The Madras High Court had to step in TWICE to affirm Hindu Rights. For centuries, Karthigai Deepam has risen quietly into the Tamil sky – fire as faith, light as memory. Yet today, a ritual older than modern politics finds itself treated like a law-and-order problem by HRCE and DMK.
The Madurai Bench of Madras High Court upheld the single judge bench order to protect the lighting of the Karthigai Deepam at Thiruparankundram. The judiciary wasn’t merely defending a lamp. It was calling out a dangerous pattern where state control, manufactured mistrust, and selective anxiety are used to shrink Hindu space in public life.
Karthigai Deepam – Tradition Needs a Court Order Twice!
The controversy at the Thiruparankundram hills should never have reached the courtroom. Lighting the Karthigai Deepam at the stone pillar is a millennia-old ritual. It was only discontinued during the British Era to prevent attacks during World War II. The dargah that came a few decades ago should not have a problem when Hindus, who own the hill and the land near the Deepam, continue their tradition. Deepathoonam is a documented, long-standing Hindu practice that has been performed peacefully for generations.
Yet the Tamil Nadu government and the HRCE department objected despite court orders – They argue that the Hindu ritual on Hindu land for the Hindu community could disturb communal harmony.
The High Court’s response was scathing – It called the objections “ridiculous and hard to believe!”
Judges went further to state, “We hope that no state would stoop to such a level to further a political agenda.” That sentence matters. Why?! Because it exposes how suspicion is being manufactured, not discovered. Instead of evidence of unrest, the state offered conjecture.
Instead of protecting a lawful Hindu tradition, it tried to pre-empt it – on a hateful assumption that Hindu rituals are inherently provocative.
This is not an isolated incident. Across Tamil Nadu, temples under HRCE control face delayed permissions, administrative apathy, mismanagement of temple assets, and selective enforcement of rules! Meanwhile, festivals shrink, customs are forced into fading away, and accountability dissolves into files and forms. Courts are increasingly forced to act as the last refuge for Hindu traditions that once needed no permission at all.

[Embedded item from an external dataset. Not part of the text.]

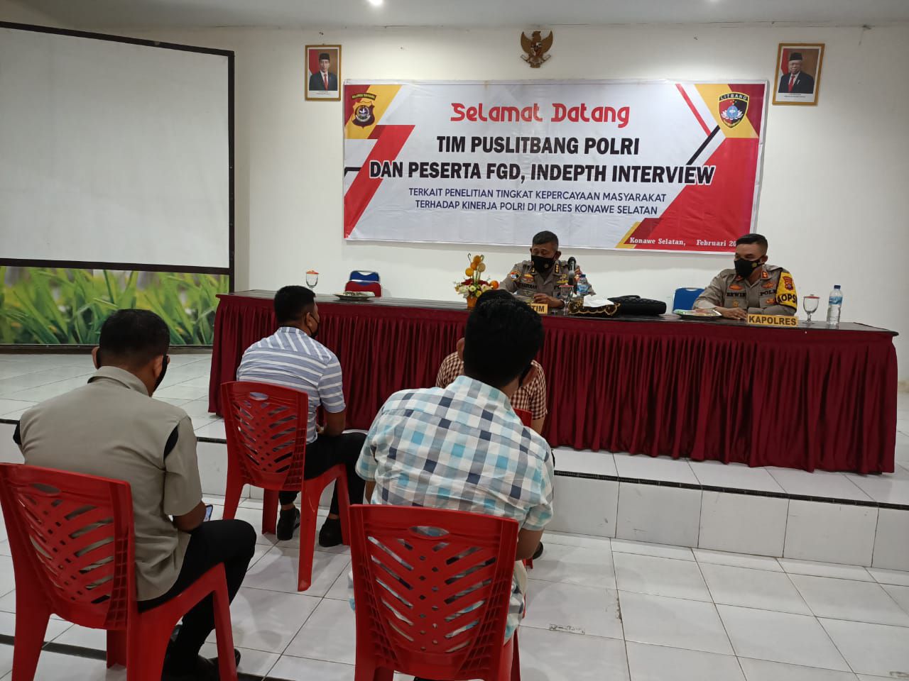 Puslitbang.Polri.go.id - Bid Gasopsnal Pusat Penelitian dan Pengembangan Polri melaksanakan penelitian "Tingkat Kepercayaan Masyarakat Terhadap Kinerja Polri" di Polres Konawe Selatan yang dipimpin Analis Puslitbang Polri Kombes Pol. Drs. Yasirman, Selasa (16/2).

Manufactured Fear of Karthigai Deepam – The Politics of “I Told You So”
The deeper worry is what comes next. By branding the Hindu ritual of Karthigai Deepam as a potential flashpoint, DMK may be setting up a self-fulfilling trap.
First, it declares the Kathigai Deepam tradition as “sensitive.” Then it restricts it. If unrest later occurs after court orders are honored – it allows “peaceful” elements to provoke and organize dissent. They shall “peacefully” use the opportunity and a ready-made state-sanctioned excuse to riot! And the DMK and HRCE may then say: See, we warned you. This is not governance; it is narrative management.
Hindus in Tamil Nadu have seen this script before. Temple lands stand mismanaged, and courts intervene to return/protect Hindu assets. Priests are prosecuted for procedural lapses while real desecrations go unaddressed. However, each time, HRCE claims neutrality. Each time, the impact falls disproportionately on Hindu practice.
Over time, HRCE has reduced the Hindu into a permissions regime where tradition survives only by judicial orders!
The Thiruparankundram case should wake Hindus up. State control of temples was sold as reform. In practice, it has become a tool for dilution and pollution of the Hindu faith! Sanatani rituals are forced to prove and justify their existence. Meanwhile, Leftist forces paint Sanatan Dharma as a threat – without any proof! Here, the court has done its duty. Thus, the question now is whether society recognises the pattern before the lamp itself becomes negotiable.
When a millenia-old civilisation has to argue in court for the right to light a flame on its own property – the issue is no longer about law and order.
It is about who gets to define normal – and who is asked, again and again, to dim their light of faith!